1902 Encyclopedia > Psychology > Motor Presentations. Subjective Selection.

Psychology
(Part 12)




(B) General Analysis of Mind. Its Ultimate Constituents. (cont.)

Motor Presentations. Subjective Selection.

There is one class of objects of special interest in a general survey, viz., movements or motor presentations. These, like sensory presentations, admit of associations and reproduction, and seem to attain to such distinctness as they possess in adult human experience by a gradual differentiation out of an original diffused mobility which is little besides emotional expression. Of this, however, more presently. It is primarily to such dependence upon feeling that movements owe their distinctive character, the possessions, that is, under normal circumstances, of definite and assignable psychical antecedents, in contrast to sensory presentations, which enter the field of consciousness ex abrupto.

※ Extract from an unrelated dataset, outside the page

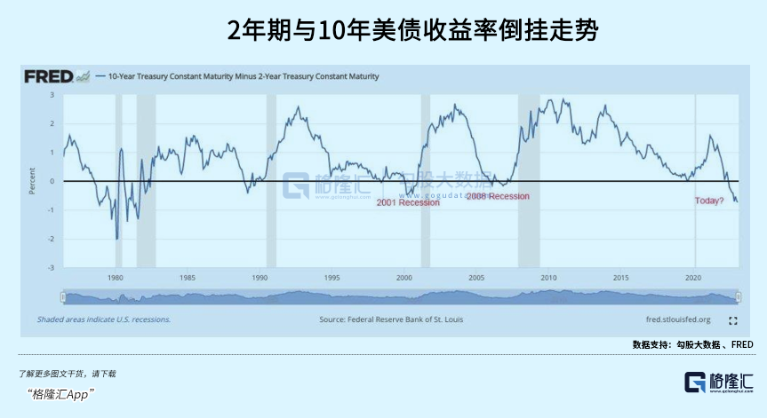 此外,2年期10年期国债收益率持续的深度倒挂并没有引起市场足够的警觉。当前,两者倒挂幅度高达90个基点,继创40年来最深的倒挂幅度,远超2001年以及2008年。

We cannot psychologically explain the order in which particular sights and sounds occur ; but the movements that follow them, on the other hand, can be adequately explained only by psychology. The twilight that sends the hens to roost sets like fox to prowl, and the lion’s roar which gathers the jackals scatters the sheep. Such diversity in the movements, although the sensory presentations are similar, is due, in fact, to what we might call the principle of "subjective or hedonic selection"—that, out of all the manifold changes of sensory presentation which a given individual experiences, only a few are the occasion of such decided feeling as to become objects of possible appetite (or aversion). The representation of what interests us comes to be associated with the representation of such movements as will secure its realization, so that—although no concentration of attention will secure the requisite intensity to a pleasurable object present only in idea—we can by what is strangely like a concentration of attention convert the idea of a movement into the fact, and by means of the movement attain the coveted reality.